You will need Power of Attorney (medical and financial), HIPAA, and any advanced care directives (DNR, living will, POLST forms) prepared with your mother's consent. If she can no longer consent I think your only option is guardianship.
https://www.agingcare.com/articles/getting-your-affairs-in-order-preparing-for-the-possibility-of-dementia-149572.htm
1. Will
2. Trust - you listed as Trustee
3. Health Care Proxy - you listed as person to consult if your parent cannot make decision on their own behalf
4. MLEST form - some hospitals recognize this more seriously then just a Health Care Proxy form. Ask your doctors about this. At least this is true in New York State. In the Health Care Proxy form and MLEST form, designate here if your parent is DNR or not.
5. As for your mother's bills, it helps a lot if your name is also on the checking and savings account. That helps you easily write checks to pay the bills, etc.

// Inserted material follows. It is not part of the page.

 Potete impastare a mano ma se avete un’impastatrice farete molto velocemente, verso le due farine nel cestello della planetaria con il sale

6. Power of Attorney form - very important and kind of the umbrella form you need for the rest of this.
Don't laugh but keep all of these forms together in a binder and carry this binder with you. You never know when you need to whip it out. And also hang up a copy of the Health Care wishes on the fridge.
last resort is guardianship/conservator process but that costs money and takes time. I had POA for my folks and that worked well for most stuff for several years but I had to go the guardianship route about a year ago due to one poop head bank and some real estate issues.

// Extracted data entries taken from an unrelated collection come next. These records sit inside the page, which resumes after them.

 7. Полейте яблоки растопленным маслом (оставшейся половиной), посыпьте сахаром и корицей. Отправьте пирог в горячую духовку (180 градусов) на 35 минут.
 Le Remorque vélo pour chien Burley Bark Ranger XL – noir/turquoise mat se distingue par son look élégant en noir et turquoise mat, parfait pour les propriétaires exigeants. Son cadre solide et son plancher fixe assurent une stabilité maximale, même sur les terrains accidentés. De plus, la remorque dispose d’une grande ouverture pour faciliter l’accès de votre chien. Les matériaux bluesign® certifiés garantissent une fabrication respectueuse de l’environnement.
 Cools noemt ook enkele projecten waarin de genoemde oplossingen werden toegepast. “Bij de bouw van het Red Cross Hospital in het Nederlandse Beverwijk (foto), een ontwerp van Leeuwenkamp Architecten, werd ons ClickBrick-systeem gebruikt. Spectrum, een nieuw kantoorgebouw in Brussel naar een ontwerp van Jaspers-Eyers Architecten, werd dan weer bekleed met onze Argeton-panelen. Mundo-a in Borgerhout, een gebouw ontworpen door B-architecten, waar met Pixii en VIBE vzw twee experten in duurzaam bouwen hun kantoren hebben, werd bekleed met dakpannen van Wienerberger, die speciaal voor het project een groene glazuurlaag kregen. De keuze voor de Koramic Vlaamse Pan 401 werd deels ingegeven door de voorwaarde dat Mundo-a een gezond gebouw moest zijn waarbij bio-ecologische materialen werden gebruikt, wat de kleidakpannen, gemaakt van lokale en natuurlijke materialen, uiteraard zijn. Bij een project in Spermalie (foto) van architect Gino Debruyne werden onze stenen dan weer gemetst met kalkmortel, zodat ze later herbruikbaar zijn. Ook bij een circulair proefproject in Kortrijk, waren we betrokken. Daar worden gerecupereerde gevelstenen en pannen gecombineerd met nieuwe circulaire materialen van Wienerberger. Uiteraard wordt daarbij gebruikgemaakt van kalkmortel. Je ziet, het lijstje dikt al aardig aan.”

My mom is one that they don’t make a penny off of because she has never, ever had a balance on her card. She rarely uses it and pays in full as soon as bill arrives. She’s always done that.
The bank wouldn’t allow the order to be processed. They detected it as a ‘fraud’ charge. Good in one way, bad in another I suppose, making it inconvenient.
They only sent my card one time. When her card expired, mine was not automatically renewed. I have no idea how that particular process works.